Machine learning-assisted decision-support models to better predict patients with calculous pyonephrosis

Transl Androl Urol. 2021 Feb;10(2):710-723. doi: 10.21037/tau-20-1208.

Abstract

Background: To develop a machine learning (ML)-assisted model capable of accurately identifying patients with calculous pyonephrosis before making treatment decisions by integrating multiple clinical characteristics.

Methods: We retrospectively collected data from patients with obstructed hydronephrosis who underwent retrograde ureteral stent insertion, percutaneous nephrostomy (PCN), or percutaneous nephrolithotomy (PCNL). The study cohort was divided into training and testing datasets in a 70:30 ratio for further analysis. We developed 5 ML-assisted models from 22 clinical features using logistic regression (LR), LR optimized by least absolute shrinkage and selection operator (Lasso) regularization (Lasso-LR), support vector machine (SVM), extreme gradient boosting (XGBoost), and random forest (RF). The area under the curve (AUC) was applied to determine the model with the highest discrimination. Decision curve analysis (DCA) was used to investigate the clinical net benefit associated with using the predictive models.

Results: A total of 322 patients were included, with 225 patients in the training dataset, and 97 patients in the testing dataset.
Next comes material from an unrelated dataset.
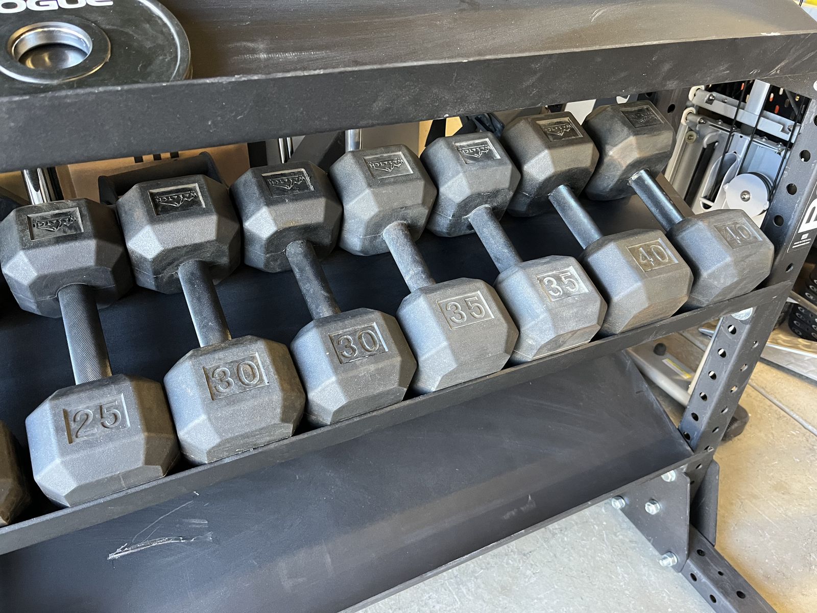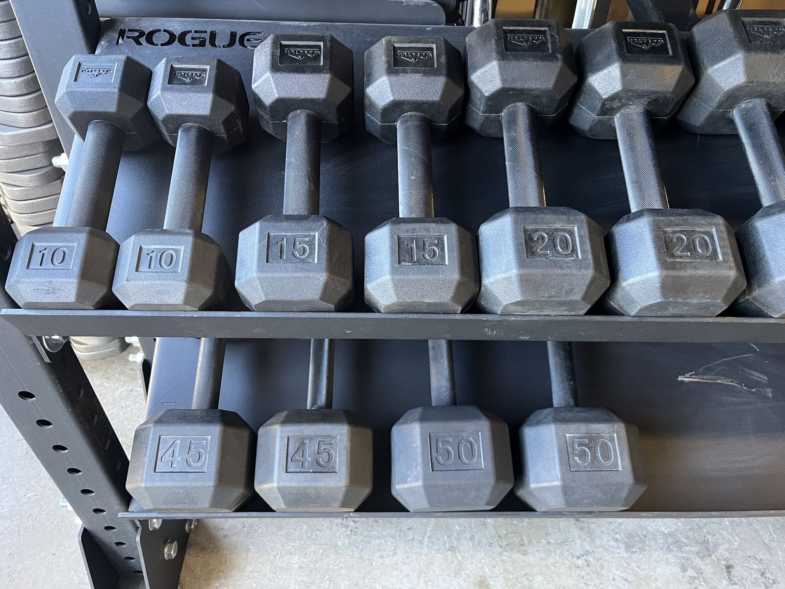 Commercial quality rubber coated dumbbell set in new condition. The set is from 10 to 50 in 5 pound increments. Selling the set altogether for $700 firm and will not separate. (RACK NOT INCLUDED!)

The XGBoost model showed good discrimination with the AUC, accuracy, sensitivity, specificity, positive predictive value (PPV), and negative predictive value (NPV) of 0.981, 0.991, 0.962, 1.000, 1.000, and 0.989, respectively, followed by SVM [AUC =0.985, 95% confidence interval (CI): 0.970-1.000], Lasso-LR (AUC =0.977, 95% CI: 0.958-0.996), LR (AUC =0.936, 95% CI: 0.905-0.968), and RF (AUC =0.920, 95% CI: 0.870-0.970). Validation of the model showed that SVM yielded the highest AUC (0.977, 95% CI: 0.952-1.000), followed by Lasso-LR (AUC =0.959, 95% CI: 0.921-0.997), XGBoost (AUC =0.958, 95% CI: 0.902-1.000), LR (AUC =0.932, 95% CI: 0.878-0.987), and RF (AUC =0.868, 95% CI: 0.779-0.958) in the testing dataset.

Conclusions: Our ML-based models had good discrimination in predicting patients with obstructed hydronephrosis at high risk of harboring pyonephrosis, and the use of these models may be greatly beneficial to urologists in treatment planning, patient selection, and decision-making.

Keywords: Calculous pyonephrosis; hydronephrosis; machine learning (ML).